Whilst it fails hard on fault tolerance it could be an escape hatch for
those stuck with the jvm

On 30 Jan 2014 17:22, "kraythe ." <kraythe@REDACTED> wrote:

> Ok right up front, I'm a Java Guru, not a Scala or Erlang one. What that
> means is that I know more than most debs about the core java language, but
> enough to know where the problems are. And certainly java has many issues
> but it also has massive momentum. I think one of the issues with Java can
> be expressed in one little programming puzzle I came across recently:
> *In a relevant language, create an array of 1000 numbers. Initialize all
> of the values in the array to zero. Create two threads that run
> concurrently and which increment each element of the array one time.*
> Interesting? The solution in Scala that I came up with is the following.
> def mtmap[A](data : List[A], threads: Int, f: (A) => A) = {
>   import scala.concurrent.{ExecutionContext, Future, Await}
>   implicit val executor =
> java.util.concurrent.Executors.newFixedThreadPool(threads)
>   implicit val context =  ExecutionContext.fromExecutorService(executor)
>   val futures : Future[List[A]]= Future.traverse(data)(x => Future{f(x)})
>   import scala.concurrent.duration._
>   import scala.language.postfixOps
>   val results : List[A] = Await.result(futures, 1 minute)
>   results
> }
> Just thinking of doing this in Java will bring up some of the big problems
> with Java; I will leave it as a mental exercise for the reader.

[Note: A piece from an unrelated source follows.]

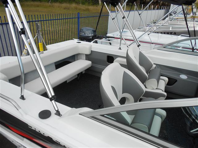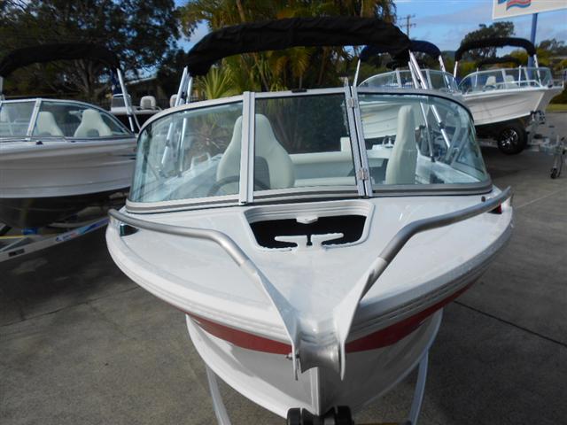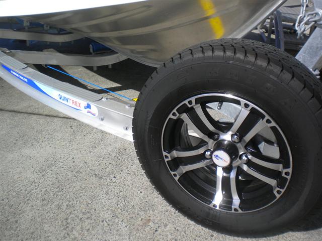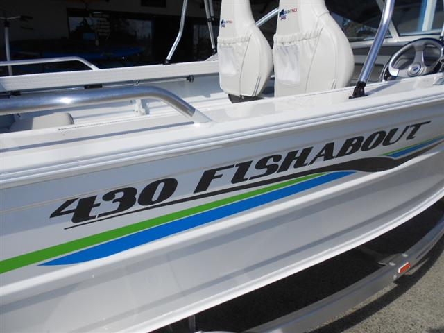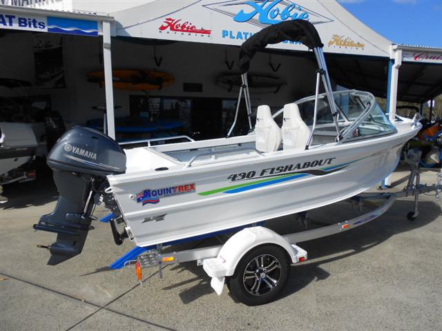 Quintrex 430 Fishabout New with 2 tone paint and fitted with a Yamaha F40hp 4/stroke motor on a quintrex alloy trailer with alloy mag wheels and extra flipper guides to make loading easier for you, this package comes with bimini top, side pockets, nav lights and bilge pump, sealed timber floor, cargo net, tansom step and rail, rod holders, split bow rail. All regos and safety gear are included in the price. Ask us about organizing YMF Finance for you on this package.

The problem
> is that Scala inherits some of them from the JVM and that has made me look
> into Erlang. The goal being to select a language for the development of a
> concurrent TCP/IP based application with thousands of users interacting in
> a small space.
> So far I think the contenders I have are Scala with Akka or Erlang. And
> yes, I know there are evangelists to both and I will post this to an Scala
> list to get their feedback as well (or something similar). Now, right up
> front I am not peeing on either language. They both rock or they wouldn't
> be on the list. The question is which should win the prize. There is no
> going back once development is 1000 hours down the road.
> *Scala: *
> *Pros:*
>    1. Based on Java Ecosystem so easier to staff because good Java devs
>    can convert to Scala.
>    2. Decent tools (which are getting better). Many libraries.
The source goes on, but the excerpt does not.